Album: These Graves; Slothwave

Label: SNSE/Pacrec; SNSE

Review date: Nov. 20, 2005

While cross-pollination and side projects are nothing new to many U.S. noise musicians, the releases of Slothwave and Panther Skull in such quick succession are still noteworthy. Both discs are the product of one man, Justin C. Meyers, and while they're certainly not identical, they contain far more parallels than two subsequent recordings by one of Meyers' contemporaries might.

Devillock is Meyers’ primary performance vehicle, with releases on his own Tone Filth label and a few others. The dark imagery of his moniker and album titles may seem almost stereotypical for music like this, but to mistake Meyers for some small-time imitator would be a mistake. On both discs, Meyers proves to be a gifted constructor of atmosphere, with a well-tuned sense of tension and release and an ear for details.

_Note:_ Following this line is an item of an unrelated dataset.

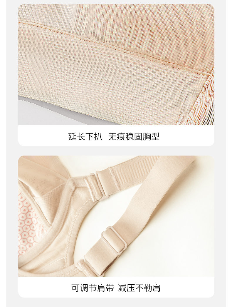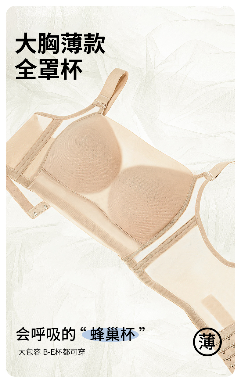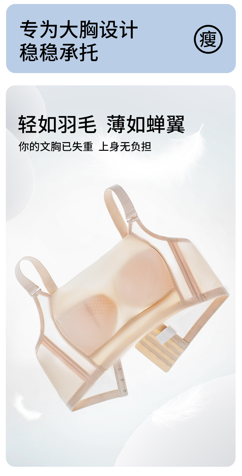 雅黛丽内衣大胸显小夏季薄款2024新款文胸收副乳防下垂调整型胸罩
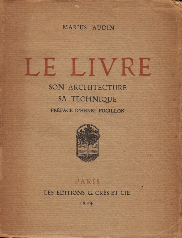 47. (KRIMPEN, van). AUDIN, Marius Le livre. Son architecture, sa technique. Preface de Henri Focillon. Paris, Éditions Crès, 1924. Ingenaaid. XVI, 280 p. Niet afgesneden. Geïllustreerd. Gedrukt in rood en zwart. 1e druk. Verbruind boek. Voorin in potlood de zwierige handtekening van Jan van Krimpen en het exlibris van zijn zoon Huibrecht van Krimpen. Rug verbruind en gedeukt. Omslag wat versleten.

The arrangement of These Graves is symmetrical, with two fifteen-minute pieces sandwiched by a pair of minute-long interludes. As Devillock, Meyers wraps peals of feedback in shrouds of gritty distortion. He also experiments with ways of letting sound die away - it's as if he allows his music to rot away like flesh or plants. His tracks are a constant struggle of sound against sound, wrestling matches of ever-shifting dominance. Cleaner sounds are increasingly encrusted with detritus, and persistent feedback creates potholes and fissures in solid walls of cemented static. Dark sludge boils under much of These Graves like the dirt of the Earth gone molten, inspiring, as the disc's title suggests, visions of the unholy screams of the undead come to life.

Slothwave is the first Panther Skull CD, a follow-up to a debut cassette on Tone Filth. Like Devillock, Panther Skull is heavy on the hefty drones, though there’s less aggression and menace in Panther Skull’s sustained meditations. The first untitled track is claustrophobic feedback with mechanical exhalations (as if metal could breathe), music that impressively permeates the physical space in which it’s played.

Slothwave projects desolation, like cold winds through empty spaces, or the amplified echoes of the ambience of an arctic cave. Meyers excels at dealing with subtle shifts in sound, especially when magnifying seemingly small sonic events. And even if, as it sometimes seems, the best moments on Slothwave are as much the product of fortunate accidents as they are attention to detail, the album is no worse for it.

Whether performing as Devillock or Panther Skull, Justin Meyers makes music that doesn’t meet the ears neutrally. There are many who would do nearly the same thing and sound mundane, but Meyers does more than enough here to justify offering two nearly concurrent releases of his material.